Material shown below:

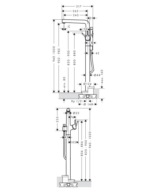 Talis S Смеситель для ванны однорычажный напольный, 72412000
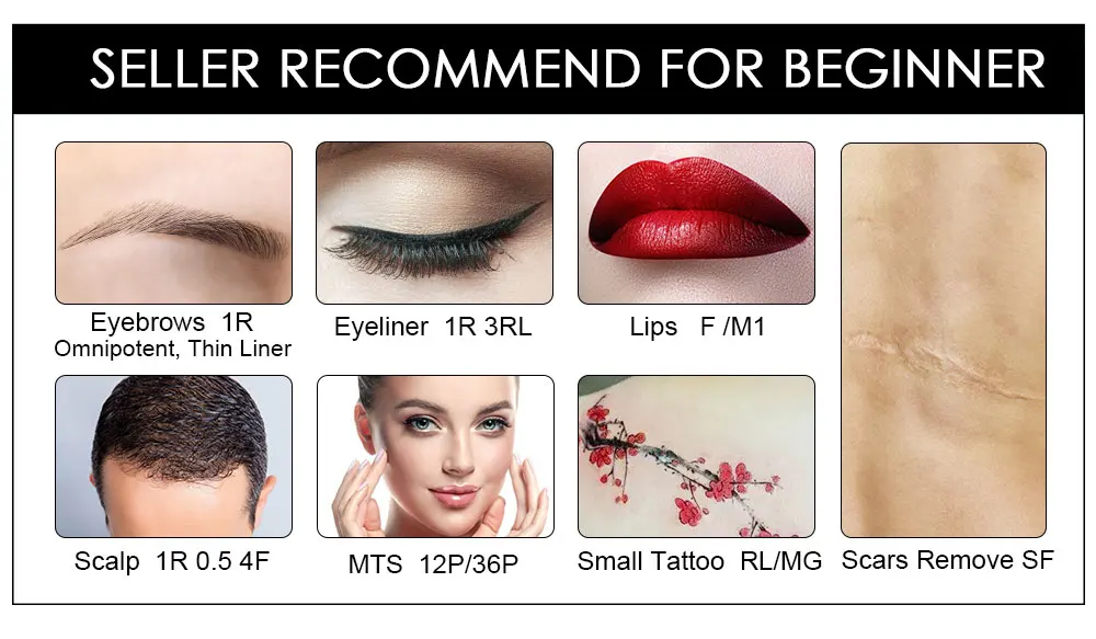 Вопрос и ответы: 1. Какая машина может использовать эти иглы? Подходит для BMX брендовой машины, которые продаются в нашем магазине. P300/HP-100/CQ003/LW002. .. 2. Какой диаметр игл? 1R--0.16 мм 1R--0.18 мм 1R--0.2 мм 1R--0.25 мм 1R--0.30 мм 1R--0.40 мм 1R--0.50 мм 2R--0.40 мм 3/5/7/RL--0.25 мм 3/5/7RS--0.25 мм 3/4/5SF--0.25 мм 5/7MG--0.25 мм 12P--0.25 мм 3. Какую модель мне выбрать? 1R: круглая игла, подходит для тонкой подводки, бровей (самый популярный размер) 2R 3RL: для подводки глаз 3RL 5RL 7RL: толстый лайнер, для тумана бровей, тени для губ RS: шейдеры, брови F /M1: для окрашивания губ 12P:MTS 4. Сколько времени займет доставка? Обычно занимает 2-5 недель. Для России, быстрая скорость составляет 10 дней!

End of Material shown.
Material shown below:

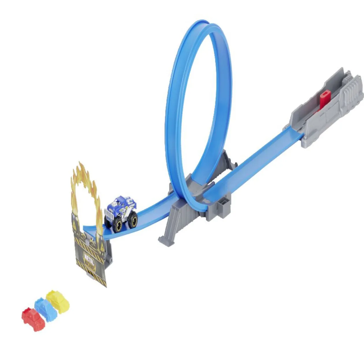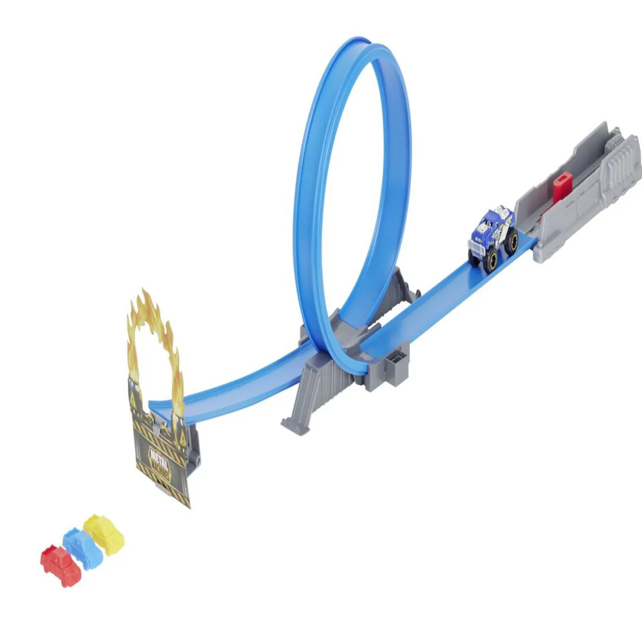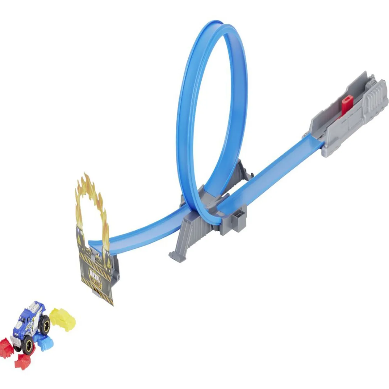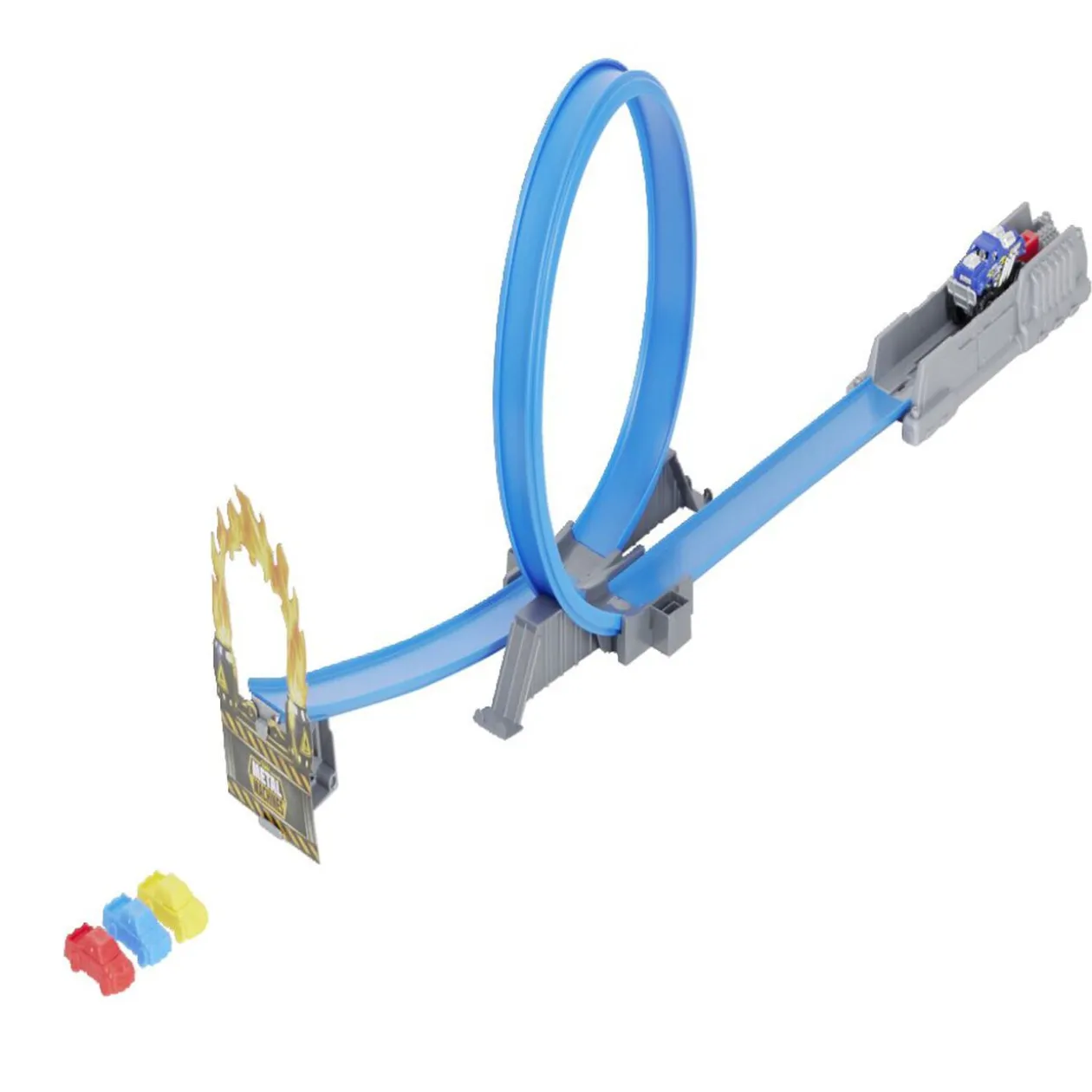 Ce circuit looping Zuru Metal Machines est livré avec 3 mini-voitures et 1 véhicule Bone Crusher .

End of Material shown.

Task to carry out: Copy word for word only the lines above from the one with "Talis S Смеситель" through the one with "Вопрос и ответы: 1.". Leave pictures out.

Task output:
 Talis S Смеситель для ванны однорычажный напольный, 72412000
 Вопрос и ответы: 1. Какая машина может использовать эти иглы? Подходит для BMX брендовой машины, которые продаются в нашем магазине. P300/HP-100/CQ003/LW002. .. 2. Какой диаметр игл? 1R--0.16 мм 1R--0.18 мм 1R--0.2 мм 1R--0.25 мм 1R--0.30 мм 1R--0.40 мм 1R--0.50 мм 2R--0.40 мм 3/5/7/RL--0.25 мм 3/5/7RS--0.25 мм 3/4/5SF--0.25 мм 5/7MG--0.25 мм 12P--0.25 мм 3. Какую модель мне выбрать? 1R: круглая игла, подходит для тонкой подводки, бровей (самый популярный размер) 2R 3RL: для подводки глаз 3RL 5RL 7RL: толстый лайнер, для тумана бровей, тени для губ RS: шейдеры, брови F /M1: для окрашивания губ 12P:MTS 4. Сколько времени займет доставка? Обычно занимает 2-5 недель. Для России, быстрая скорость составляет 10 дней!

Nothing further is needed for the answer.